● **WHAT TO DO**:
Leaving out the pictures, return word for word the stretch of entries below from the line holding "Gomora, one of" through the line holding "Blowing The Whistle".

● **DATA SHOWN**:
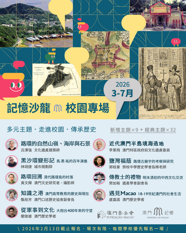 【本報消息】由澳門基金會主辦的記憶沙龍校園專場(中學場),致力向本澳中學生傳播澳門在地歷史文化,探索小城在地歷史及社會脈絡,推廣澳門形象。2026年的校園專場講座將於三月至七月期間舉辦,現正開始接受報名,歡迎本澳學校組織參加。
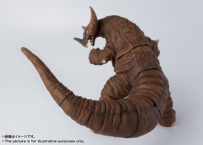 Gomora, one of the most easily recognizable of the "Ultraman" monsters, returns to Bandai's "S.H.Figuarts" action-figure liineup! He's fully posable for maximum battle action; he comes with "torn-off" tail and replacement horn parts. His tail features 13 sections for great posability!
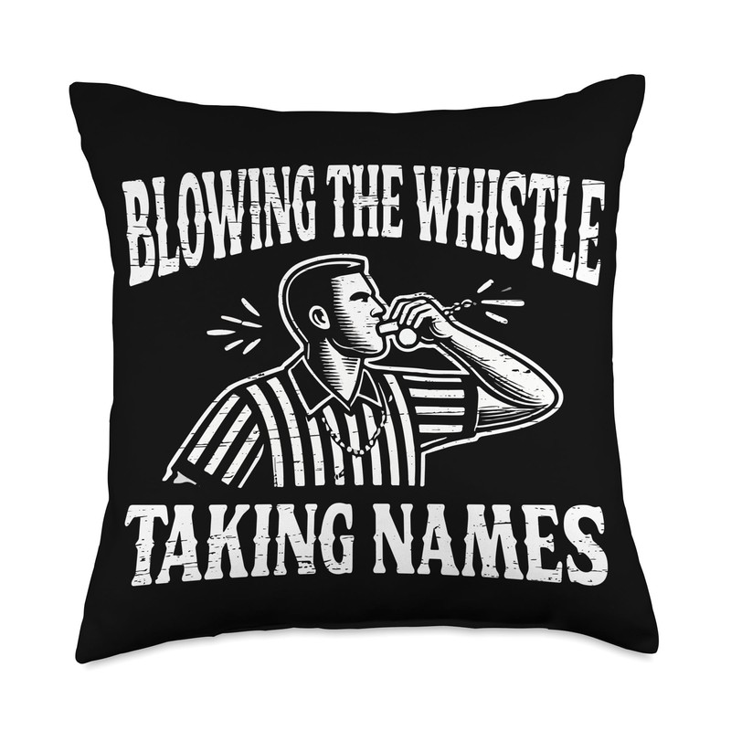 Blowing The Whistle Taking Names Funny Referee Throw Pillow
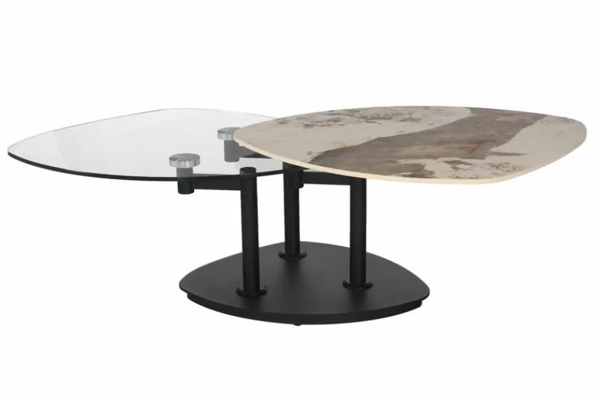 Mit dem Couchtisch Cres bietet Arteca einen vielseitig verwendbaren Wohnzimmertisch im außergewöhnlichen Design. Seine beiden dreischenkligen Tischplatten sind flexibel und individuell arrangierbar. Nicht nur für Snacks und Getränke eignen sich die aus verschiedenen Materialien gefertigten Abstellplätze. Auch Blumenvasen und Topfpflanzen lassen sich auf den multiplen Plattformen präsentieren. Auf unterschiedlichem Höhenniveau setzt der Couchtisch Cres auch Dekoartikel wirkungsvoll in Szene.
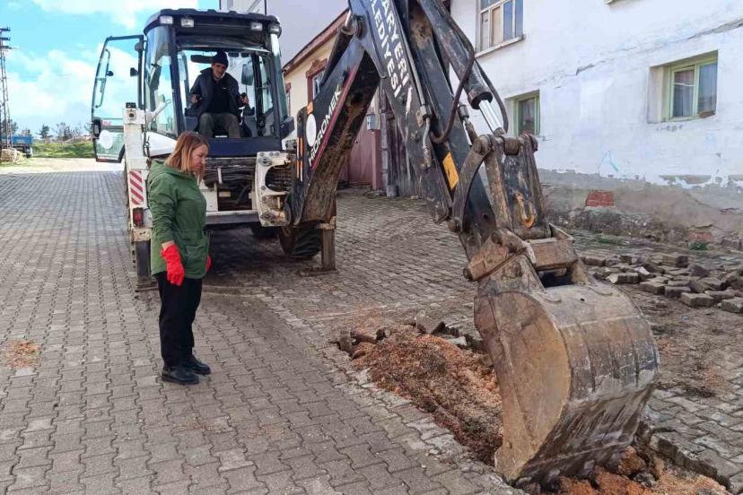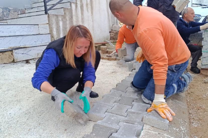Bilecik’in Pazaryeri ilçesinde Belediye Başkanı Zekiye Tekin, kendi elleriyle parke taşlarını döşeyerek sahada örnek oldu.
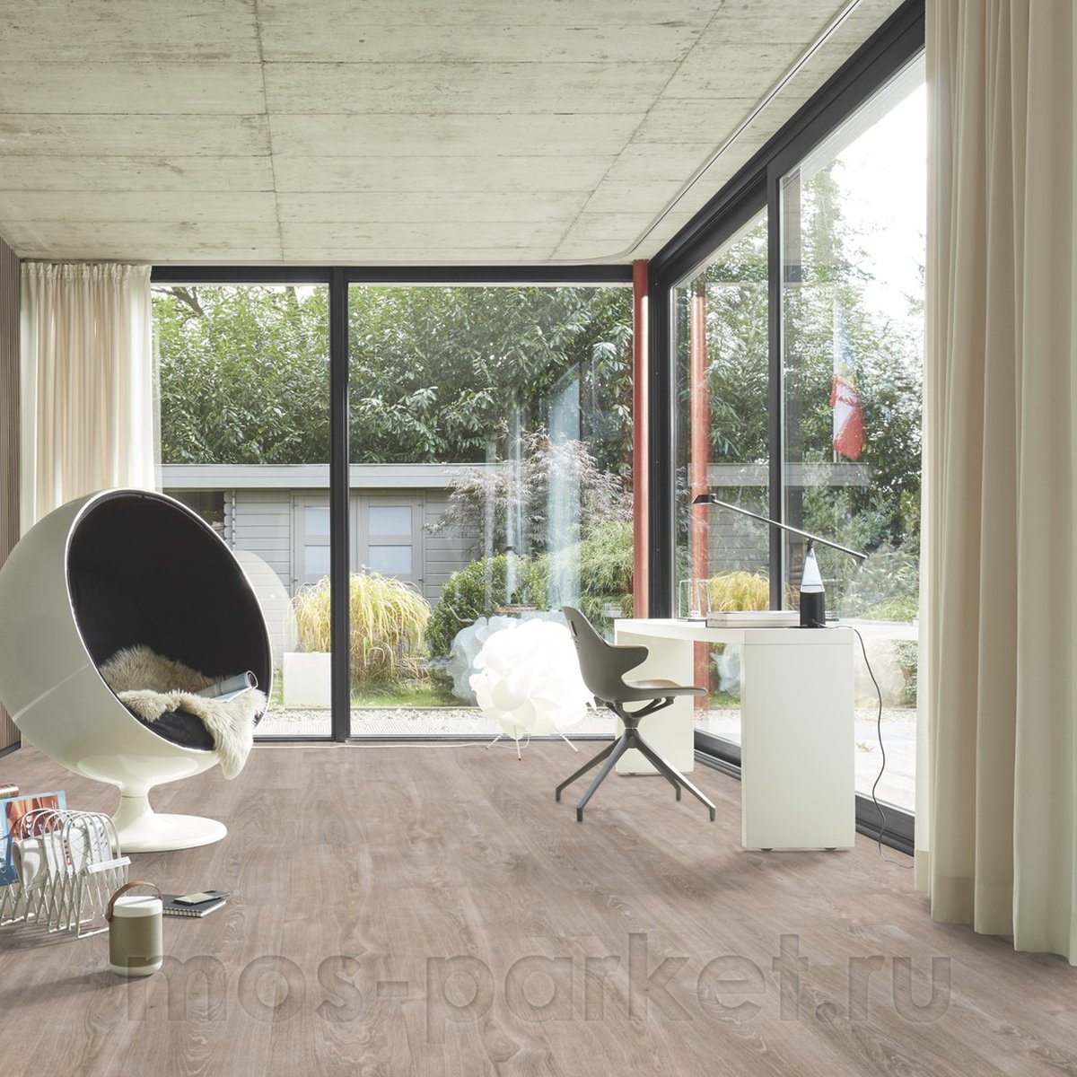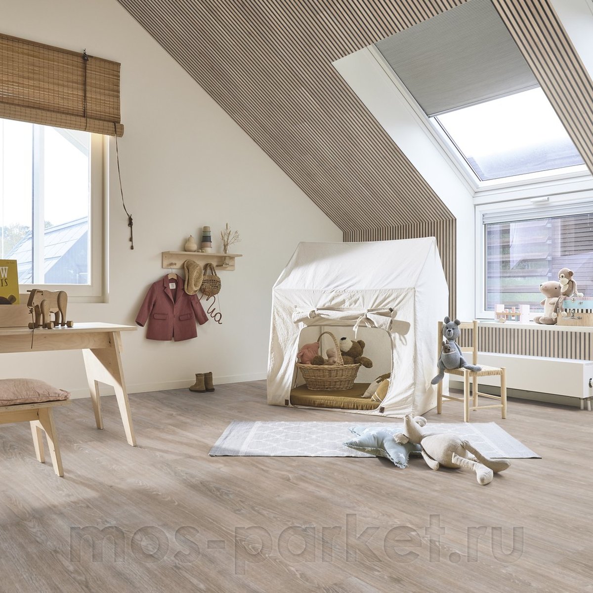 Meister LL 250 Дуб Вайт Грей - светло-коричневый дуб с сероватыми прожилками и мягким нейтральным подтоном, выполненный в сдержанной натуральной текстуре древесины. Цвет выглядит современно и спокойно, с гармоничным балансом между тёплыми и холодными оттенками, благодаря чему пол легко вписывается в актуальные интерьерные решения и не теряет актуальности со временем.

● **REPLY**:
 Gomora, one of the most easily recognizable of the "Ultraman" monsters, returns to Bandai's "S.H.Figuarts" action-figure liineup! He's fully posable for maximum battle action; he comes with "torn-off" tail and replacement horn parts. His tail features 13 sections for great posability!
 Blowing The Whistle Taking Names Funny Referee Throw Pillow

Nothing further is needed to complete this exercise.